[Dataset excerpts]

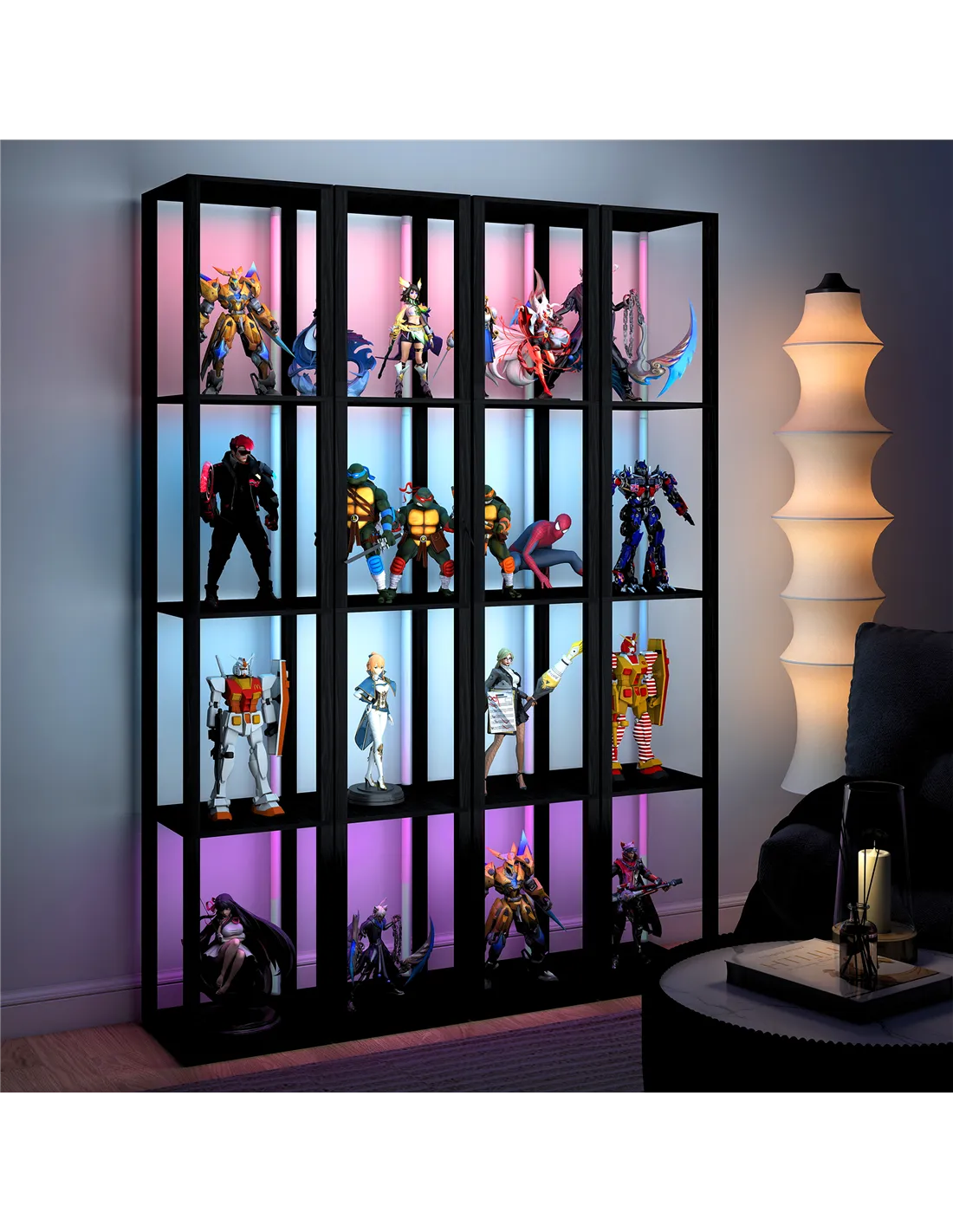- Four-tier shelves provide lots of storage and display space
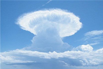 2023年8月新疆塔城惊现“蘑菇云”,引起人们极大关注。事实上这是夏日限定“砧状云”,强烈上升的水汽形成高大的云山,其顶部遇到阻力向四周散开,其白色透光的边缘是由冰晶组成,也预示着暴风雨的前来。下图示意“砧状云”景观图,完成下面小题。
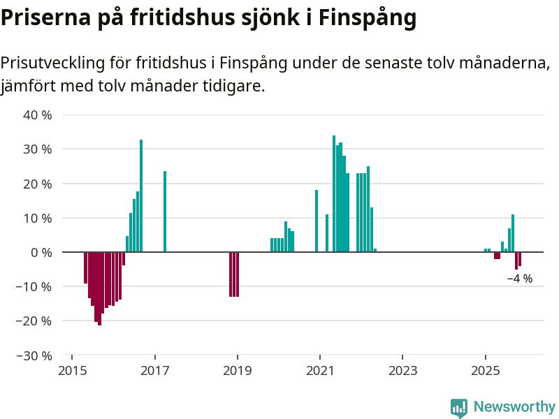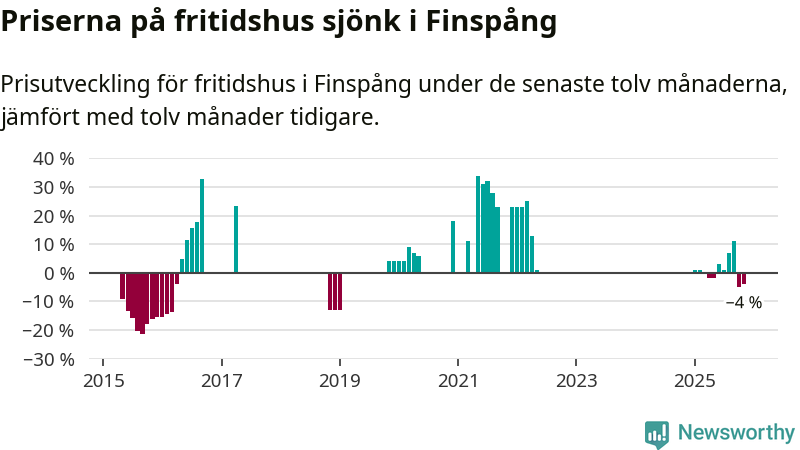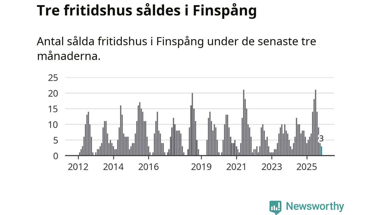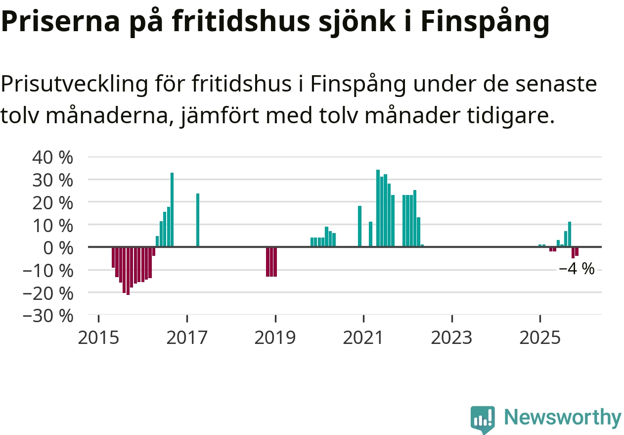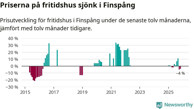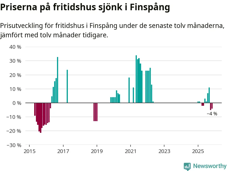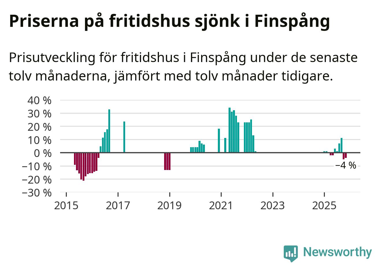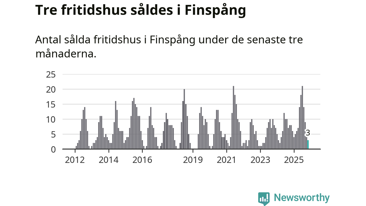 Mellan september och november gjordes sammanlagt tre affärer med fritidshus i Finspångs kommun. Det kan jämföras med åtta vid motsvarande tid i fjol.
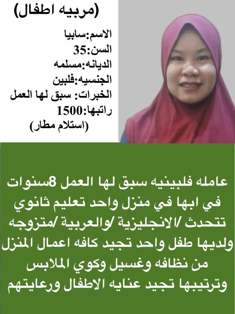 متوفر عماله منزليه وطباخات ومرافقين لكبار السن وعاملات نظافه ومربيات اطفال وكوافيرات وسائقين ومتاح التجربه لكل أنحاء المملكه والتجربة خير برهان 🇸🇦🇸🇦 تواصل علي الواتساب لإرسال السير الذاتيه واتساب 0578052462
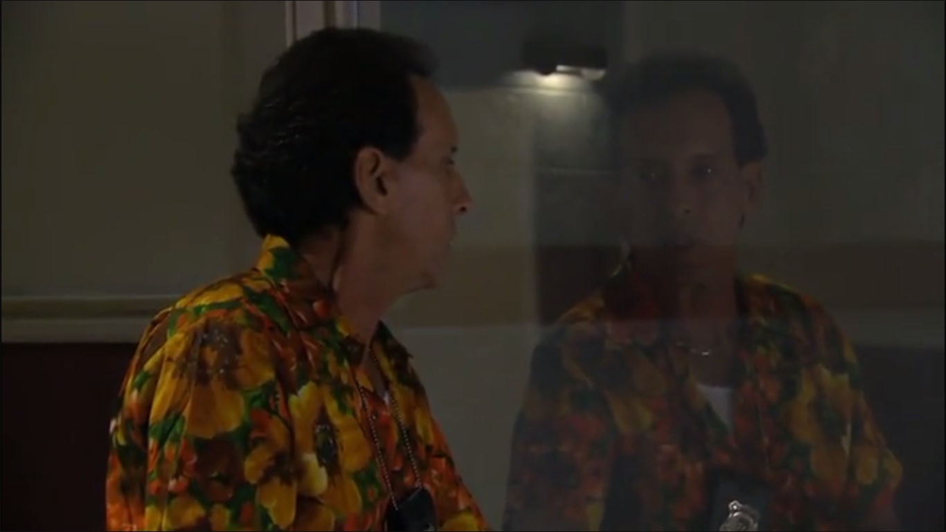 En eso llega un guardia que pone unos documentos cerca del preso.
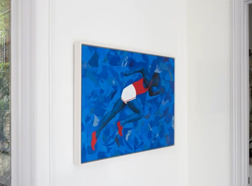 Before he considered acquiring a work, he wanted to make a personal connection. They clicked immediately. Today, two of Eugene’s works live in Smith’s house: a portrait in the living room and a giant commission, Untitled (2024), in the collector’s sunroom, an airy, gallery-like space where Smith hosts parties and fundraisers.
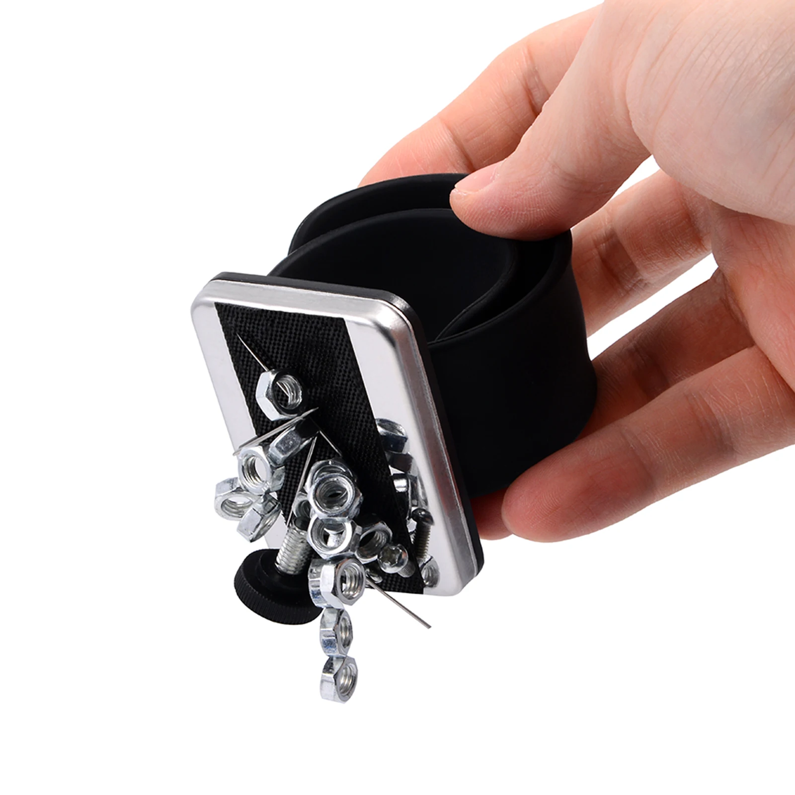 1. Магнитный дизайн --- встроен в супер сильные магниты, он способен удерживать на нем больше необходимых предметов: винты, болты, биты, гвозди, дрель и другие магнитные мелкие инструменты. Не упадут, если вы их не снимите. И гарантируем более высокую эффективность.
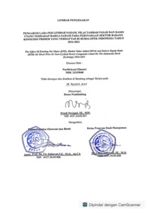 | Uncontrolled Keywords: | Laba per Saham, Nilai Tambah Pasar, Rasio Utang, Harga Saham |
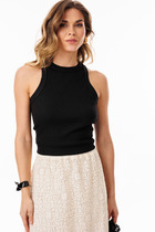 Топ облегающего силуэта с широкими бретелями. Изготовлен из трикотажной кулирки. Вырез горловины – «каре». По нижнему срезу проходит широкий пояс из основного полотна. Бретели и горловина окантованы бейкой из основного полотна.  Рекомендуем!
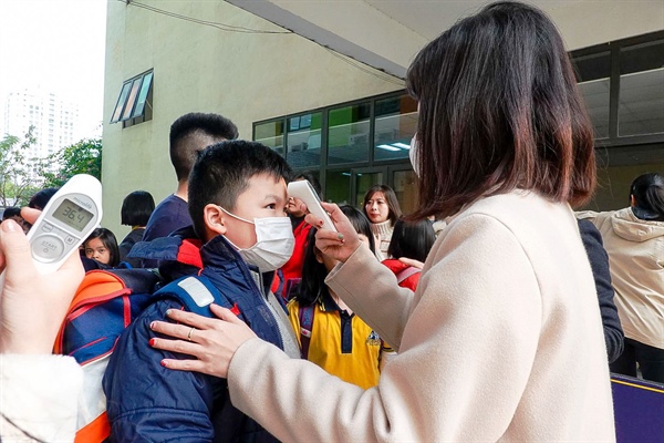 Kiểm tra thân nhiệt học sinh trước giờ vào lớp
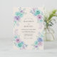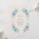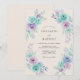 This design features a delicate arrangement of watercolor roses in refreshing shades of mint green and soft lavender. Lush foliage in muted teal and purple hues creates an airy, romantic atmosphere against a warm ivory backdrop. The hand-painted aesthetic captures a whimsical feel, perfect for a sophisticated yet ethereal event. Each blossom is rendered with gentle washes of color to evoke a sense of timeless elegance.
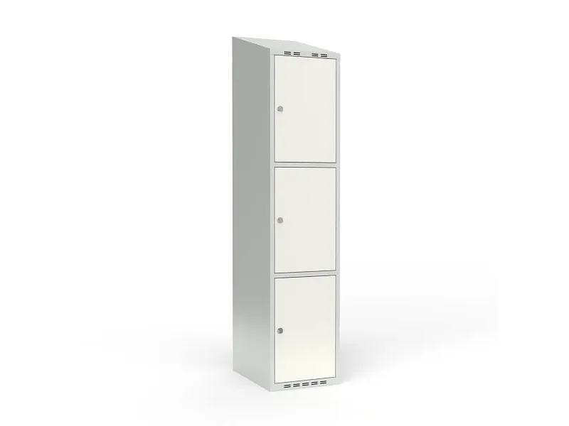 Skoleskab, helsvejst 1x400 med skråt tag. 3 rum i højden. Lys grå kabinet (RAL 7035) med pulverlakeret ståldør lys blå (RAL 5012). Leveres med færdigmonteret cylinderlås ASSA 8450 H. ASSA H8450 Totalmål (b x d x h) 400 x 550 x 1900 mm.
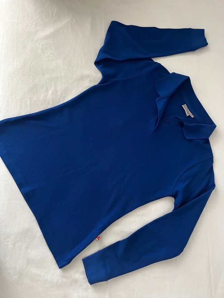 Lacivert renkte, uzun kollu ve yakalı, düz desenli, rahat ve sıcak kumaştan yapılmış fitted hamile tişörtü. Günlük kullanıma uygun, streetwear tarzında.
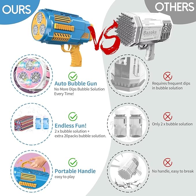 - HIGH OUTPUT THOUSANDS COLORFUL BUBBLES- BOMOCO Upgraded Auto Bubble Machine Gun can generate more than thousands bubbles per minute with four colorful lights to bring you amazing effects, whatever day or night, you can see rich colorful bubbles are blown out when pressing the trigger, the fantastic lights render colorful bubbles, and you can enjoy a colorful scene at night. Nice indoor and outdoor bubble toys.
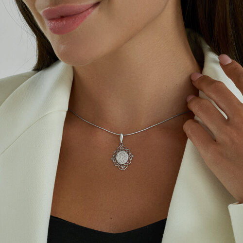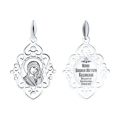 Подвеска-икона Божьей Матери, Казанская, выполнена из родированного серебра 925 пробы с алмазной гранью и лазерной обработкой. Родий - это металл платиновой группы, который защищает украшение от внешних воздействий и долго сохраняет первоначальный внешний вид. От бренда SOKOLOV. В комплект поставки входит:
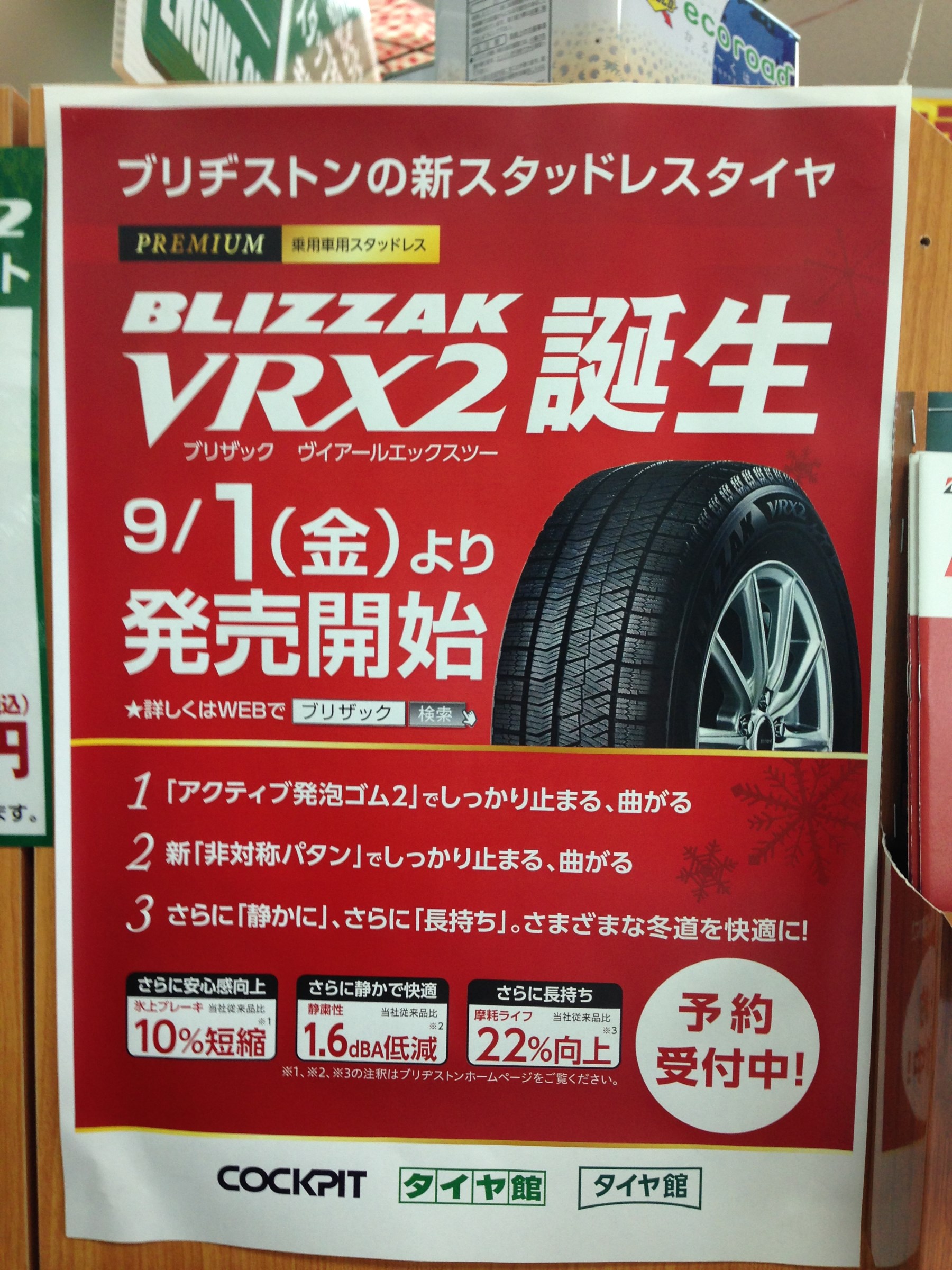 9/1から新商品ブリザックVRX2発売!! ポスト 2017年8月12日 夏ですが、冬の話題です!! スタッドレスタイヤの新商品!!ブリザックからVRX2が9月1日より発売されます。 あっという間に 冬がきます!!新商品をいち早くゲットしちゃいましょう!! 予約お受付してます、装着は冬でも大丈夫!! 予約しておけば安心ですね! BLIZZAKホームページ 担当:石井

◆ **Problem details**
Return the data above in its exact wording, with none of the pictures.

◆ **Solution to the problem**
- Four-tier shelves provide lots of storage and display space
 2023年8月新疆塔城惊现“蘑菇云”,引起人们极大关注。事实上这是夏日限定“砧状云”,强烈上升的水汽形成高大的云山,其顶部遇到阻力向四周散开,其白色透光的边缘是由冰晶组成,也预示着暴风雨的前来。下图示意“砧状云”景观图,完成下面小题。
 Mellan september och november gjordes sammanlagt tre affärer med fritidshus i Finspångs kommun. Det kan jämföras med åtta vid motsvarande tid i fjol.
 متوفر عماله منزليه وطباخات ومرافقين لكبار السن وعاملات نظافه ومربيات اطفال وكوافيرات وسائقين ومتاح التجربه لكل أنحاء المملكه والتجربة خير برهان 🇸🇦🇸🇦 تواصل علي الواتساب لإرسال السير الذاتيه واتساب 0578052462
 En eso llega un guardia que pone unos documentos cerca del preso.
 Before he considered acquiring a work, he wanted to make a personal connection. They clicked immediately. Today, two of Eugene’s works live in Smith’s house: a portrait in the living room and a giant commission, Untitled (2024), in the collector’s sunroom, an airy, gallery-like space where Smith hosts parties and fundraisers.
 1. Магнитный дизайн --- встроен в супер сильные магниты, он способен удерживать на нем больше необходимых предметов: винты, болты, биты, гвозди, дрель и другие магнитные мелкие инструменты. Не упадут, если вы их не снимите. И гарантируем более высокую эффективность.
 | Uncontrolled Keywords: | Laba per Saham, Nilai Tambah Pasar, Rasio Utang, Harga Saham |
 Топ облегающего силуэта с широкими бретелями. Изготовлен из трикотажной кулирки. Вырез горловины – «каре». По нижнему срезу проходит широкий пояс из основного полотна. Бретели и горловина окантованы бейкой из основного полотна.  Рекомендуем!
 Kiểm tra thân nhiệt học sinh trước giờ vào lớp
 This design features a delicate arrangement of watercolor roses in refreshing shades of mint green and soft lavender. Lush foliage in muted teal and purple hues creates an airy, romantic atmosphere against a warm ivory backdrop. The hand-painted aesthetic captures a whimsical feel, perfect for a sophisticated yet ethereal event. Each blossom is rendered with gentle washes of color to evoke a sense of timeless elegance.
 Skoleskab, helsvejst 1x400 med skråt tag. 3 rum i højden. Lys grå kabinet (RAL 7035) med pulverlakeret ståldør lys blå (RAL 5012). Leveres med færdigmonteret cylinderlås ASSA 8450 H. ASSA H8450 Totalmål (b x d x h) 400 x 550 x 1900 mm.
 Lacivert renkte, uzun kollu ve yakalı, düz desenli, rahat ve sıcak kumaştan yapılmış fitted hamile tişörtü. Günlük kullanıma uygun, streetwear tarzında.
 - HIGH OUTPUT THOUSANDS COLORFUL BUBBLES- BOMOCO Upgraded Auto Bubble Machine Gun can generate more than thousands bubbles per minute with four colorful lights to bring you amazing effects, whatever day or night, you can see rich colorful bubbles are blown out when pressing the trigger, the fantastic lights render colorful bubbles, and you can enjoy a colorful scene at night. Nice indoor and outdoor bubble toys.
 Подвеска-икона Божьей Матери, Казанская, выполнена из родированного серебра 925 пробы с алмазной гранью и лазерной обработкой. Родий - это металл платиновой группы, который защищает украшение от внешних воздействий и долго сохраняет первоначальный внешний вид. От бренда SOKOLOV. В комплект поставки входит:
 9/1から新商品ブリザックVRX2発売!! ポスト 2017年8月12日 夏ですが、冬の話題です!! スタッドレスタイヤの新商品!!ブリザックからVRX2が9月1日より発売されます。 あっという間に 冬がきます!!新商品をいち早くゲットしちゃいましょう!! 予約お受付してます、装着は冬でも大丈夫!! 予約しておけば安心ですね! BLIZZAKホームページ 担当:石井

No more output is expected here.